Mit einem zufriedenen Grinsen ging ich nach diesem Hammer an den Bierstand, um erstmals meine Marken zu benutzen und mir dann Infected Rain zu geben. Da mir deren Core lastiger Sound nicht ganz so gut zusagte, wollte ich den Auftritt vorzeitig verlassen, doch keine Chance. Den jetzt war ich mit sabbern dran, die Sängerin hatte schon etwas hypnotisches. Ihr Shirt „Eat Pussy, not Animals“ machte mich auch noch hungrig, tatsächlich mal nicht auf Steak. Wieder zurück am Bierstand versuchte mein Nebenmann ein Bier mit Bargeld zukaufen in einem altruistischen Anflug gab ich ihm einfach eine meiner Marken. Erst ungläubig erzählte er mir, dass er am Merch Stand arbeitete und ich mir nachher einen Patch aussuchen dürfte. Das nenne ich mal Quidproquo, so kam ich zu einem schön psychedelischen Cream Patch. Über all dem durfte ich meinen Presseauftrag natürlich nicht vergessen und ging als „Nationale Sportpresse“ den Flunky Ball Platz besuchen. Tatsächlich gibt es auf dem Dong einen festen Flunky Ball Platz, überaus praktisch, da dort Sportsfreunde des ganzen Festivals aufeinander Treffen. Ein Typ namens Benny stand dabei auf einem Podest und unterhielt mit seinen Diabolo Künsten. Ich machte noch einige Vorstöße in die verschiedenen Areale des Campinggeländes, setzte mich in Gitarrenkreise in denen auf Mülltonnen und Töpfen getrommelt wurde und sah mir die bunt zusammengewürfelte Belegschaft an. Der eine Typ lief mir immer wieder über den Weg mit nichts als einem rosa Schlüpfer bekleidet, guter Mann. Auf einem kurzen Ausflug über unser Lager konnte ich sogar einen Becher voll Pfeffi für den Scardust Drummer auftreiben.
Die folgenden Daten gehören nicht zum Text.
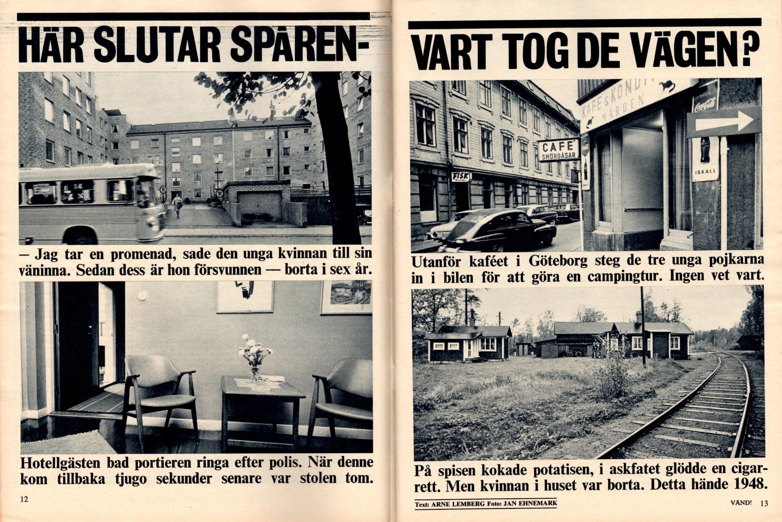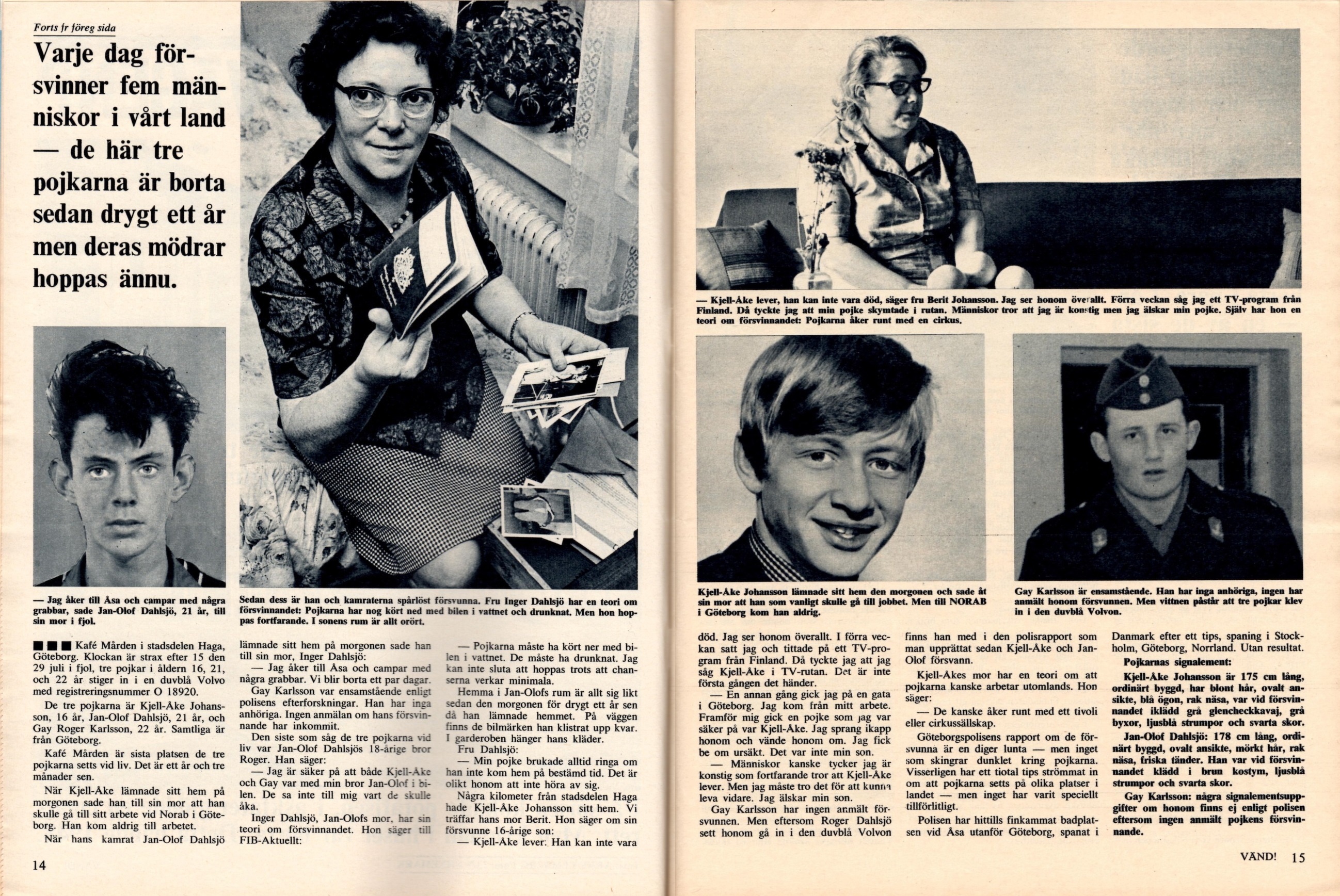 Det är fredagskväll och här är vädret riktigt trevligt. Vad passar då inte bättre än ännu en källarluktande artikel från Mr herrtidnings samling? Denna artikeln publicerades i Fib aktuellt nr 42 1966 och där tar den legendariska journalisten Arne Lemberg upp fyra fall av mystiska försvinnanden som än idag, ca 50 år senare, är olösta. Första fallet handlar om Dahlsjö-fallet, där tre unga killar, Kjell-Åke Johansson, Jan-Olof Dahlsjö och Gay Roger Karlsson försvann från Göteborg den 29:e Juli 1965. Det finns en massiv tråd om fallet på flashback och det finns även en hel del info på metapedia.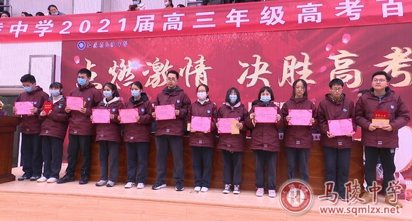 学生宣誓:“让我们众志成城,顽强拼搏,大战100天,苦干实干科学干,树立必胜信心,磨炼坚强意志,为了自己的美好前程,为了家长的殷切希望,为了中华民族的伟大复兴,去实现我们的愿望,放飞我们的梦想!”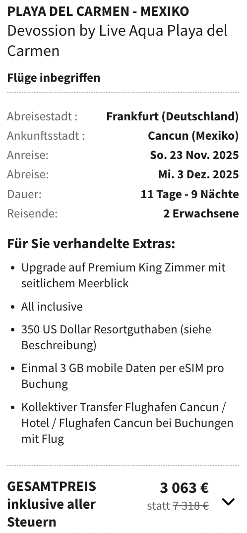 Dann checkt diesen Deal unbedingt aus, denn hier gibt es wirklich alles was ihr für einen unvergesslichen Urlaub im Tropenparadies direkt am Strand von Playa del Carmen ab 1.531€ pro Person: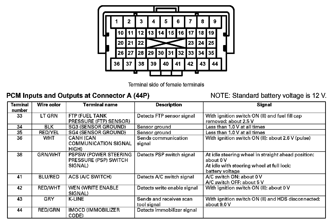 PCM Inputs And Outputs At Connector A (44P) (Part 4):

Impureza war, wie das Gerücht ging ausgefallen bzw. ersetzt worden, ohne Smartphone war das für mich nicht auszuloten. Ich begab mich pünktlich zu Motorjesus zur Bühne und lernte dort auch die Jungs von Tyler Leads persönlich kennen. Auf der Bühne hatten sie auch schon Caps und T-Shirts von Motorjesus getragen, also war das wohl kein Wunder. Ich verbrachte auch den restlichen Abend mit den Jungs. Bis auf einen kleinen Ausflug zu Eluveitie, also dem Headliner des Tages, bei denen zwar eine schön ausgelassene Stimmung herrschte, allerdings nicht so ganz meinen musikalischen Geschmack trafen. Ich lernte ich von Freddie, dem Gitarristen und Zwillingsbruder von Johnny, was das Wort Storno bedeutet (das ist so der Zustand, wenn man mit dem Kopf auf dem Tresen einschläft). Bis ich selbst Storno war, tauschte ich mit den anderen Bandmitglieder, über Bier und Offensive Zigaretten, Musik und Film Empfehlungen aus und wurde auch in einige Feinheiten der Bandpolitik eingeweiht. Nämlich das Respektschellen-System. Denkbar simpel: Wer Scheiße baut, kriegt eine Respektsschelle.